→ **Work request**
Nothing but an exact copy is asked for: the lines in the material below from the one with "Be careful when" through the one with "コルセット風のウエストデザイ", pictures excluded.

→ **Records to use**
--------------------------------

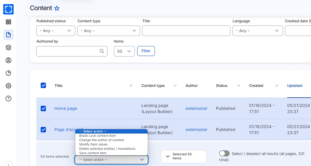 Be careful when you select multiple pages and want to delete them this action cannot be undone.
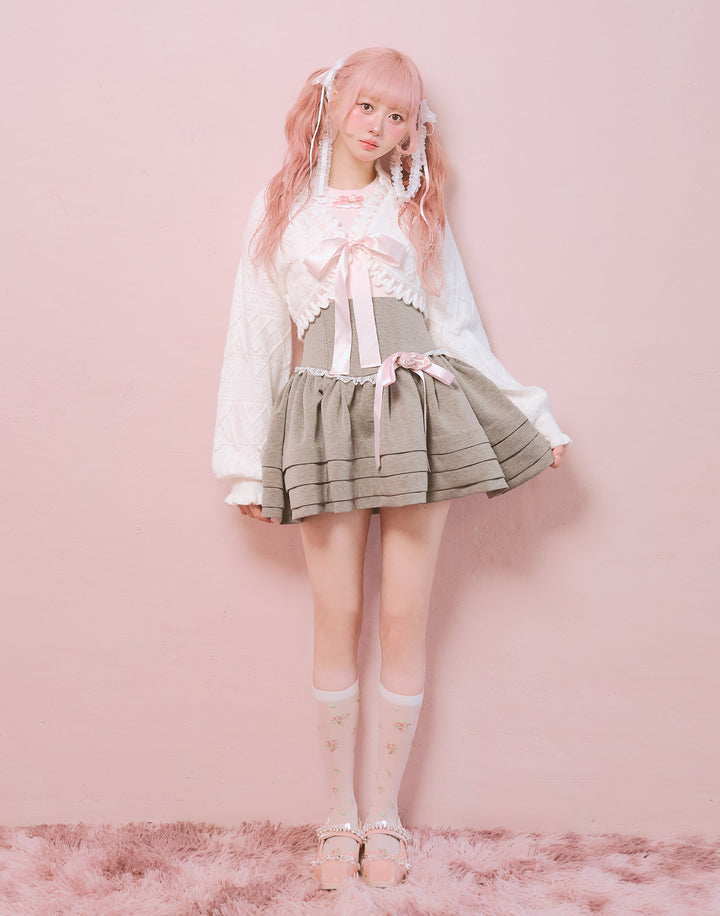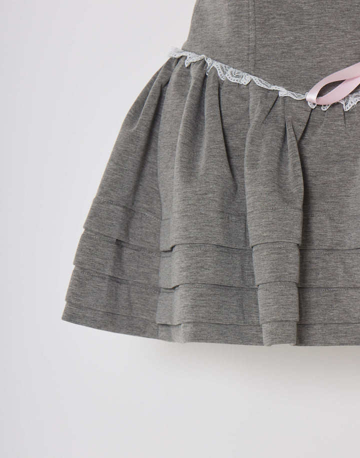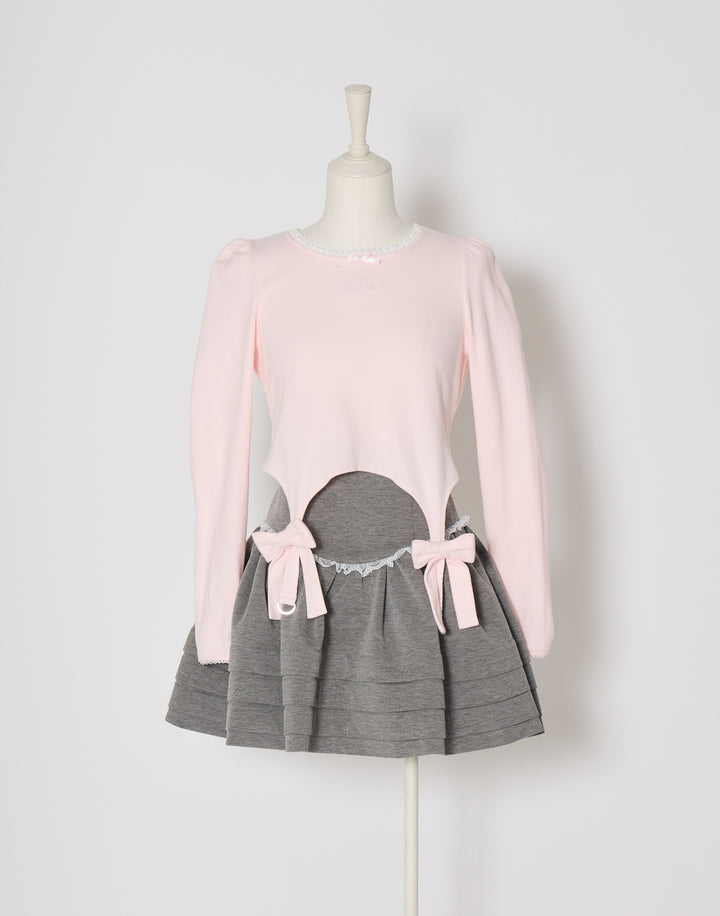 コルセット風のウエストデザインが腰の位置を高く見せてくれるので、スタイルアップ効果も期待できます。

--------------------------------

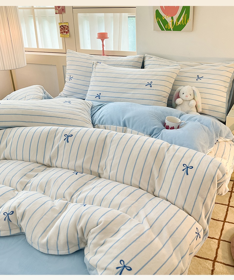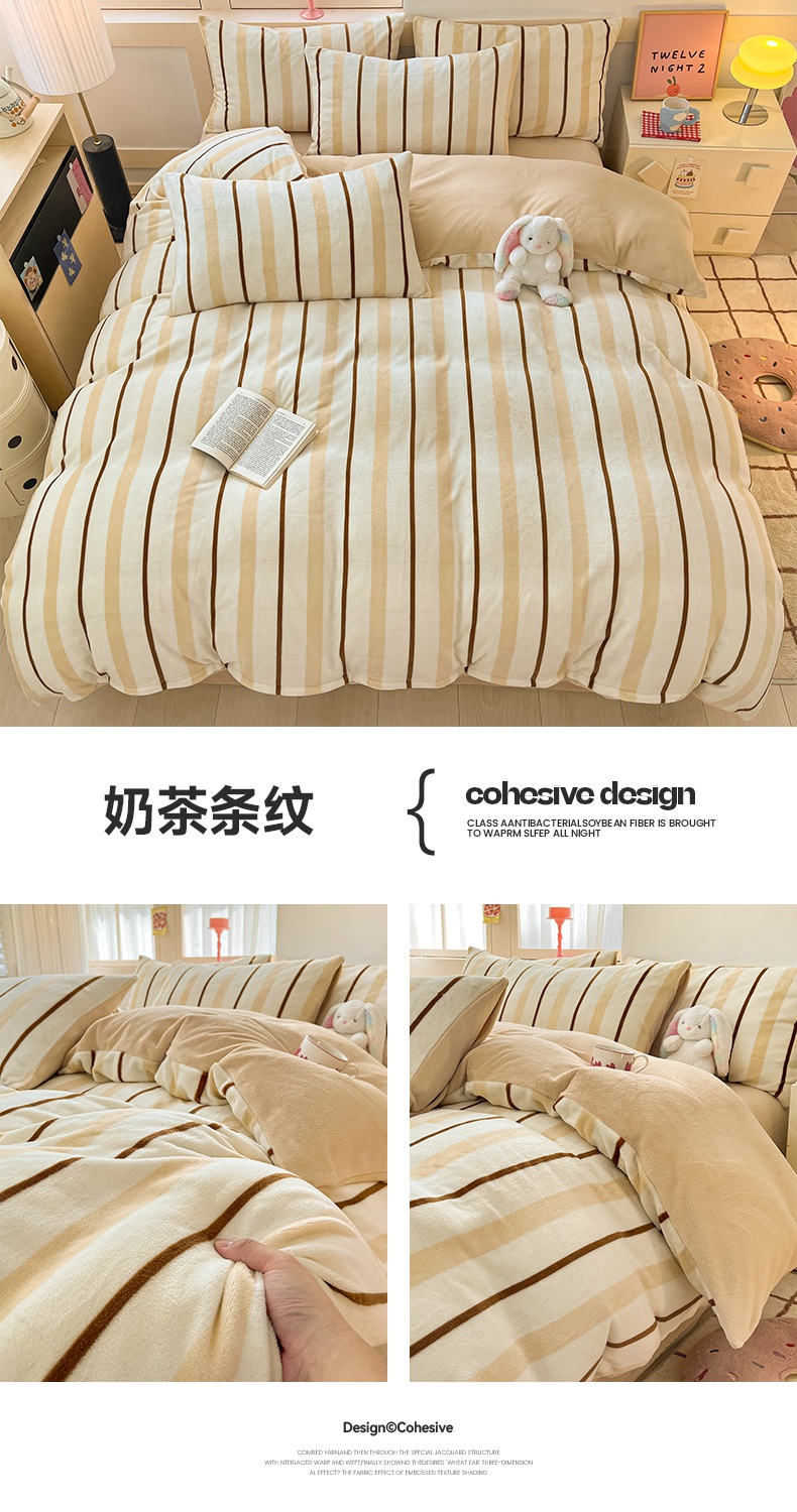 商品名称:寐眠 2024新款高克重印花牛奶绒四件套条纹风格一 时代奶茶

--------------------------------

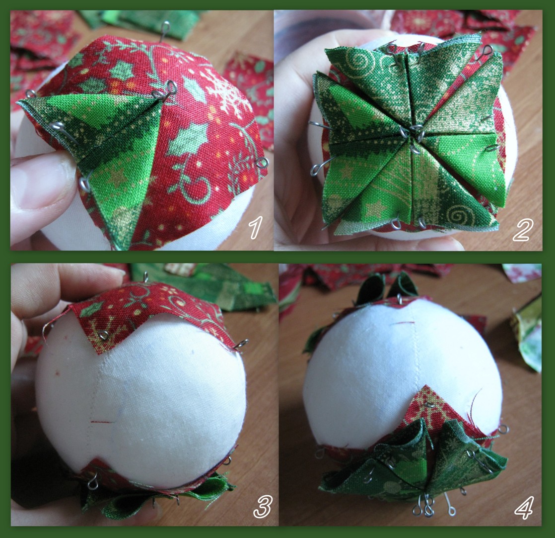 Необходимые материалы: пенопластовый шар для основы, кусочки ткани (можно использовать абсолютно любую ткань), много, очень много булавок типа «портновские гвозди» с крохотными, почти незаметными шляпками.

--------------------------------

→ **Completed task**
 Be careful when you select multiple pages and want to delete them this action cannot be undone.
 コルセット風のウエストデザインが腰の位置を高く見せてくれるので、スタイルアップ効果も期待できます。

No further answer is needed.